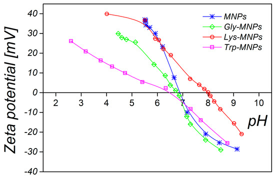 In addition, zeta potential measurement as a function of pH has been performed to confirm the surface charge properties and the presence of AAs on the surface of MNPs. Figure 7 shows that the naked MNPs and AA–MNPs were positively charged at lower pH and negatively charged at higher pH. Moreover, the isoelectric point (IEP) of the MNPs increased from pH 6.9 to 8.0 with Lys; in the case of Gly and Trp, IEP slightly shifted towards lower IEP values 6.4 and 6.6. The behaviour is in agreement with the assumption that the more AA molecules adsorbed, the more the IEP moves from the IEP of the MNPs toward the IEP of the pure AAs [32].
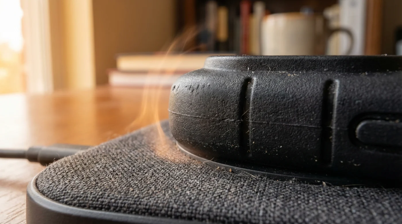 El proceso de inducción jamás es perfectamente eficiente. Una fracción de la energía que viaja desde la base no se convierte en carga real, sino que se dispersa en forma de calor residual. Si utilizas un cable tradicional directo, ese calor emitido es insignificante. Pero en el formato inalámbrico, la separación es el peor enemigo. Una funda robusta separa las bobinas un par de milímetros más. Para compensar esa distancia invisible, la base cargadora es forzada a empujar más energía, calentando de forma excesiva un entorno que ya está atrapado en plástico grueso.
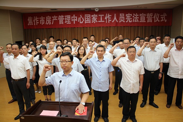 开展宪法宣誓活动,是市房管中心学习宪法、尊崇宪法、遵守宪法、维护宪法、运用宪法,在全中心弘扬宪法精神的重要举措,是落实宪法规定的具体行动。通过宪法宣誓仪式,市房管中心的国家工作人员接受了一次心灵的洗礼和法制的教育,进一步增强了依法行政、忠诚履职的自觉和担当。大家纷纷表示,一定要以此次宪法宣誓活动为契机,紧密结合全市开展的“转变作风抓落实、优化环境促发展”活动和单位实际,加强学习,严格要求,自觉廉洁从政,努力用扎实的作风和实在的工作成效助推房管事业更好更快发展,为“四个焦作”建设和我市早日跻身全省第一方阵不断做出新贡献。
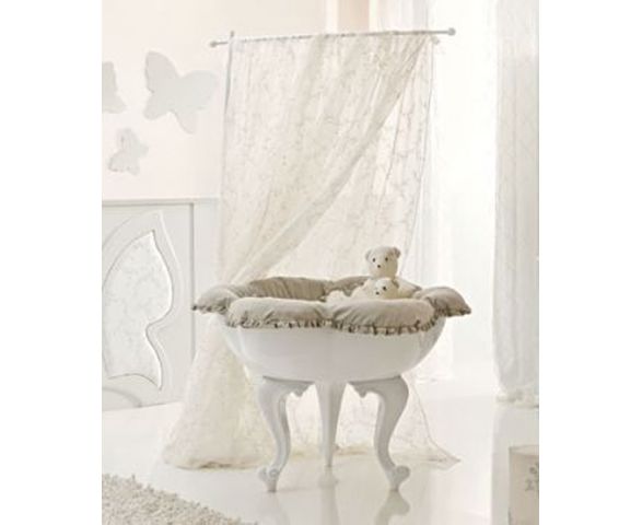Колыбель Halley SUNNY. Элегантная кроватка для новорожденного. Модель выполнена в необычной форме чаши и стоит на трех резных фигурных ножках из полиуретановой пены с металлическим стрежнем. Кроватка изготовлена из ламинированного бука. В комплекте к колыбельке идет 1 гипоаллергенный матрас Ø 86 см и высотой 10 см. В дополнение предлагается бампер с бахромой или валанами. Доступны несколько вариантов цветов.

==

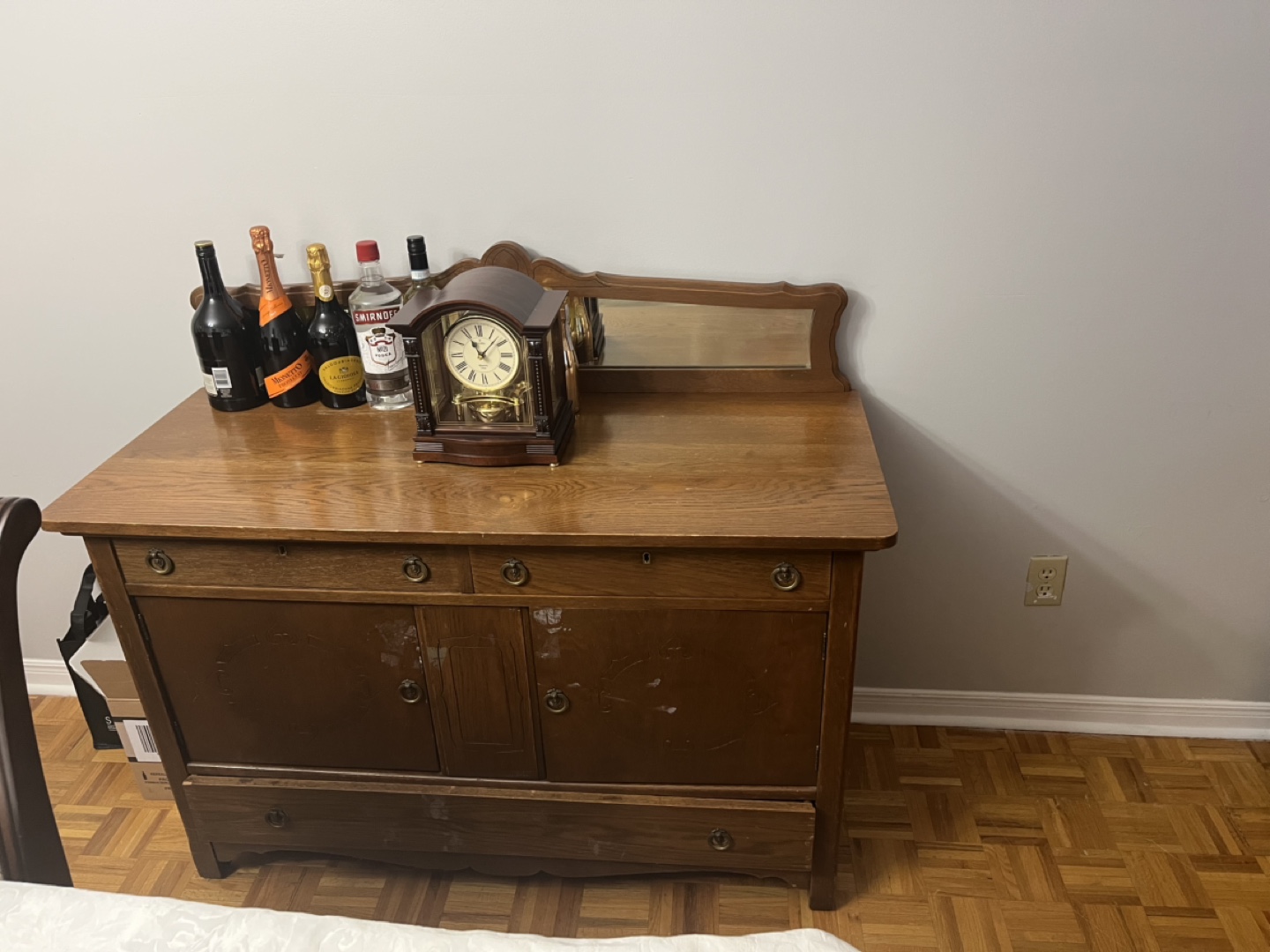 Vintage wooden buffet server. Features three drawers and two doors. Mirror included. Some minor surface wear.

==

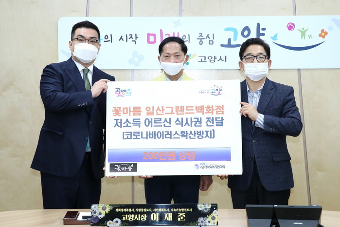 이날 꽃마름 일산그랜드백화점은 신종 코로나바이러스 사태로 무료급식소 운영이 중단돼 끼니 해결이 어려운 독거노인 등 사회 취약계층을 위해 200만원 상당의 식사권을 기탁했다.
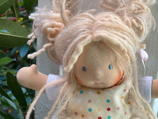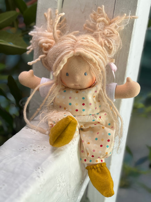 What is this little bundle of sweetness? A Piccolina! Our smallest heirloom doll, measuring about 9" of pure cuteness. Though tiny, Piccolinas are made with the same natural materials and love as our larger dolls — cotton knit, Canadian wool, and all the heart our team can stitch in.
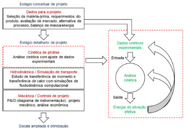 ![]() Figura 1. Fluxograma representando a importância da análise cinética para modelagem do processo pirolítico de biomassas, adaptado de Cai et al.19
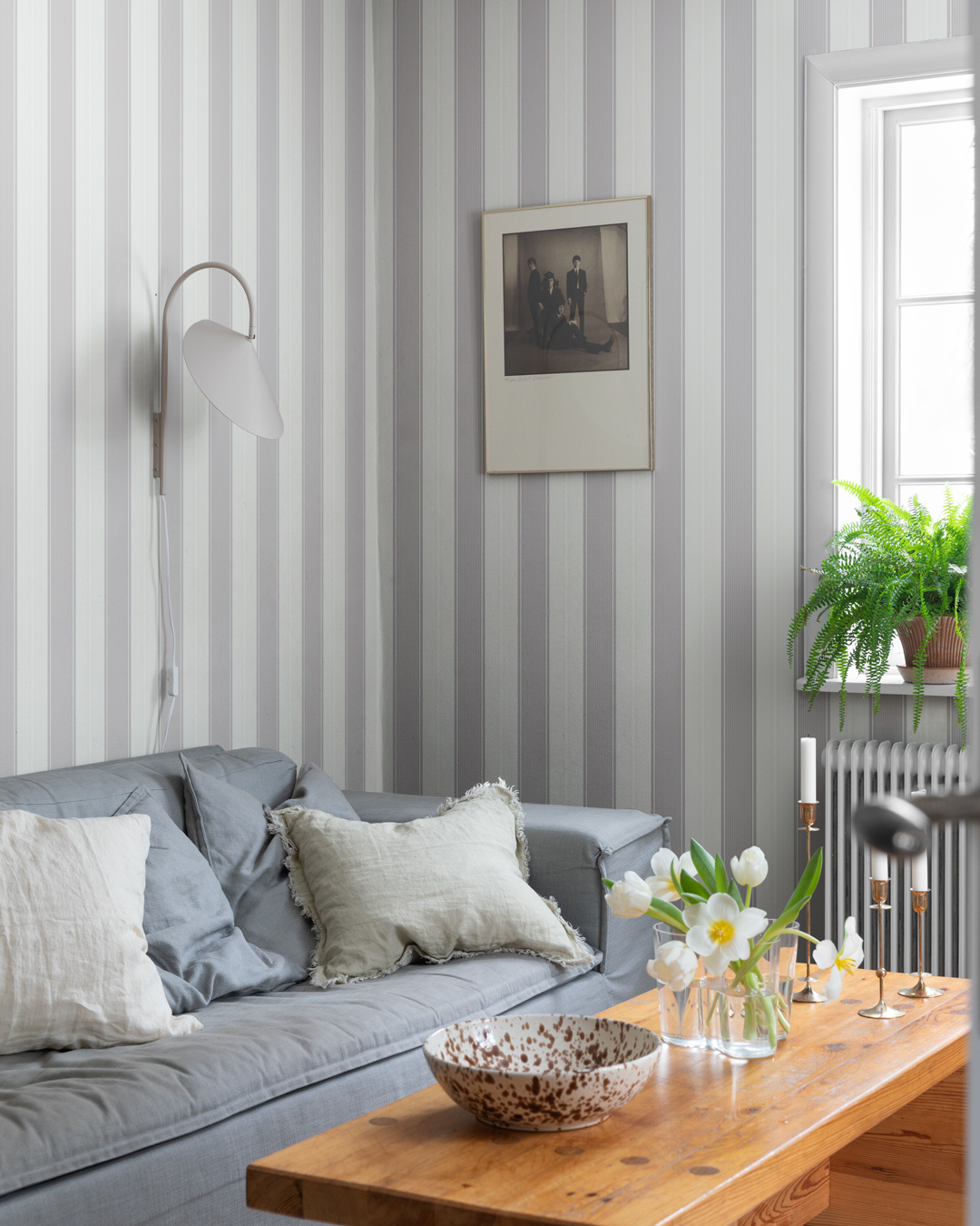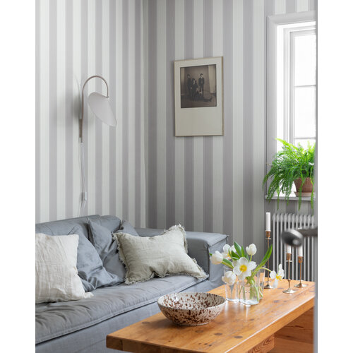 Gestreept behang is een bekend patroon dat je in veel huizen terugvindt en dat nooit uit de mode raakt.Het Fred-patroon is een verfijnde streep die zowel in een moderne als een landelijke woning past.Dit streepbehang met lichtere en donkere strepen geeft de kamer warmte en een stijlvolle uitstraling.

WORK INSTRUCTIONS: Beginning at the line above that contains "이날 꽃마름 일산그랜드백화점은", repeat each line exactly through the one that contains "Gestreept behang is", and leave out the pictures.

SOLUTION FOR THIS TASK:
 이날 꽃마름 일산그랜드백화점은 신종 코로나바이러스 사태로 무료급식소 운영이 중단돼 끼니 해결이 어려운 독거노인 등 사회 취약계층을 위해 200만원 상당의 식사권을 기탁했다.
 What is this little bundle of sweetness? A Piccolina! Our smallest heirloom doll, measuring about 9" of pure cuteness. Though tiny, Piccolinas are made with the same natural materials and love as our larger dolls — cotton knit, Canadian wool, and all the heart our team can stitch in.
 ![]() Figura 1. Fluxograma representando a importância da análise cinética para modelagem do processo pirolítico de biomassas, adaptado de Cai et al.19
 Gestreept behang is een bekend patroon dat je in veel huizen terugvindt en dat nooit uit de mode raakt.Het Fred-patroon is een verfijnde streep die zowel in een moderne als een landelijke woning past.Dit streepbehang met lichtere en donkere strepen geeft de kamer warmte en een stijlvolle uitstraling.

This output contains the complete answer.